Vicky goes onto say:
EAAAEW A Rat!
Educators need to stop jumping up on top of their chair and pulling up their pants leg like a mouse ran through the meeting every time someone talks about social networks!
They can be your friend! We've been using a social network for our Flat Classroom project with incredible results! For goodness sakes, I'm using one for an elementary youth group at our church!
Be sure to read the comments, Vicky even got a comment by Scoble himself.
I also got poked by another Hey Jude who also left a thoughtful comment building on Vicky's points. She went to blog about our exchange:
So here we had just one of our many dilemmas in education being effectively highlighted and discussed, right in a social networking space, accessible only amongst ‘friends’.
I'm also thinking about two of Chris Brogan's recent posts "Three Untapped Values of Social Networks" and Human Information Nodes and Routing and somehow makes me wonder about a student research project using socnet to do the research.
More to ponder here.
150? What metaverse are they in?
Weaving circles and groups I stay in contact with ~1000 people annually and befriend ~300+ per year through conferences, virtual worlds like Second Life and other social media. I know you understand the challenges of these communication circles more than most. It can be difficult to maintain personal friendships across such a wide net; social media helps to keep the contact focused and rich without requiring the time of personal handwritten letters and phone calls.
Time is a valuable resource and some friendships become limited to one hour a year of personal contact or a great conversation that we'd like to continue slowly over email....such is the nature of our small world. It's enjoyable when our friendships both deepen and grow over time and we're lucky to have fun tools like twitter that let us stay connected.
Posted by: In Kenzo | December 03, 2007 at 02:39 PM
I'm looking at friend requests carefully -- it's not a popularity contest -- I want to be able to actually remember and identify how I know the friend in question. I have enough trouble keeping up with my in person network, I can't complicate things further by having people in my social network that are such fringe members of my circle that I can't even recall what it is we have in common.
Posted by: Marijean | December 03, 2007 at 04:36 PM
The interesting thing is that I wouldn't have been drawn into this particular conversation - except for FaceBook. When I am behind in reading my RSS feeds (like I am now) by the time I catch up the point for conversation has already gone! On the other hand activities and discussions of my 'friends' in Facebook are immediately there. I don't know about the 150 magic number - but I do know that social networking tools are sometimes more effective for me than my massive list of items in my RSS feeds!!
Good stuff Beth :-)
Posted by: Judy O'Connell | December 04, 2007 at 02:04 AM
I know that I enjoy the small group of people I have on my facebook, but I also enjoy the big group of people I have on myspace. Great post.

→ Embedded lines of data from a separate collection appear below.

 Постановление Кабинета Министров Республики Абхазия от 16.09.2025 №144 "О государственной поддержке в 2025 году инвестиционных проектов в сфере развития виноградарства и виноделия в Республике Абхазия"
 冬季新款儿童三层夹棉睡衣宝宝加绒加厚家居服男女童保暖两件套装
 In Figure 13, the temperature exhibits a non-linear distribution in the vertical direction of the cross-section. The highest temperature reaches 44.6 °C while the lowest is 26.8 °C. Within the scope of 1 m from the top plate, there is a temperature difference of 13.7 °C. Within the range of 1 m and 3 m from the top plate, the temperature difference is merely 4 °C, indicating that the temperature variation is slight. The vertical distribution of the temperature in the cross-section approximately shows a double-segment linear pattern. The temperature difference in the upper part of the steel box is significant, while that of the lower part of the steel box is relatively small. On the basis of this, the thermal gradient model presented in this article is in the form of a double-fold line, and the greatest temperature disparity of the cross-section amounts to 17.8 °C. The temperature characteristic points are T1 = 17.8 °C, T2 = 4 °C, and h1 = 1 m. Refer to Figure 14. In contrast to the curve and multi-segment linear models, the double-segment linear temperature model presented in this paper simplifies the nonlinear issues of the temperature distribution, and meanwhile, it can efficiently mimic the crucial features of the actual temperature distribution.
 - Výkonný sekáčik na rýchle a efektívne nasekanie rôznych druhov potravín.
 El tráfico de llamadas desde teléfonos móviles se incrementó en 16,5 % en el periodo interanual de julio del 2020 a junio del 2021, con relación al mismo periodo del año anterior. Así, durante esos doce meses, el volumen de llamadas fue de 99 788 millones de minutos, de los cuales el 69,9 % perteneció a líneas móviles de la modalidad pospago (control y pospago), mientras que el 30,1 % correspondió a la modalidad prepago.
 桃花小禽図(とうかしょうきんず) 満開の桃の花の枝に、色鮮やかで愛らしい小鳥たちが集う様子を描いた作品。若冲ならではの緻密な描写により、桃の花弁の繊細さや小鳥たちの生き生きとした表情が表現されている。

Posted by: Paul Sanchez | December 04, 2007 at 02:57 AM
The thing is -- and there's no way of getting around it -- that users on social networks are rewarded by the architecture of the systems for having a lot of friends. The more connections your profile has, the greater prominence it has within the network, which leads to benefits both significant and subtle:
-> Perceived authority or credibility for that person and/or their content within the network
-> The ability to make content "popular" by leveraging positive votes from connections (think of the YouTube or Digg homepages or the MySpace Impact Awards or the Stephen Colbert Facebook group, etc.)

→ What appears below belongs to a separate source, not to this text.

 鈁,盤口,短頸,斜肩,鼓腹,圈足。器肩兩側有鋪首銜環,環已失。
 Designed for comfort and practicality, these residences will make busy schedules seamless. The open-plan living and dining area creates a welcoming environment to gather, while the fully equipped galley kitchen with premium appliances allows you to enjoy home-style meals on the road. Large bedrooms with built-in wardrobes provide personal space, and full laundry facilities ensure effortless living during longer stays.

-> Media attention, both online and off (think of lonelygirl15 with 70MM total views, largely driven by media coverage)
-> Higher display in the network's search engine for related keywords, which can lead to even more sustained, natural growth of friends (as well as external search engines, if the network is open to spiders/bots)
-> Numerous others, depending on the network's structure, features, and modes of interaction
If we accept that these are real, tangible benefits of having lots of connections, then I think it's understandable that some folks spam everyone they meet in a network with friend requests, whether they know them or not. And since we know that companies and nonprofits are hiring permanent, full-time social network/media folks onto their marketing teams, the prospect of someone spending an entire day friending people on Facebook is not just an academic exercise.
That said, I'd love to see a network that's focused solely on relationship-building and that somehow rewards significant, real-life relationships based on trust and shared experience rather than the sheer number of connections/influence within the network...
Or is that Web 3.0? :)
Posted by: Jonathon D. Colman | December 04, 2007 at 04:36 AM
@heyjude - I have tons of RSS feeds (over 500) and I never read everything. and I feel okay with that. But I agree with you - it is easier to have some quick comment exchanges in facebook. BTW, I think you got into this conversation because you're a friend of vicky? Or did you notice the note on my profile? I tagged Vicky on the note and I know that is why, in part, she responded or perhaps noticed it.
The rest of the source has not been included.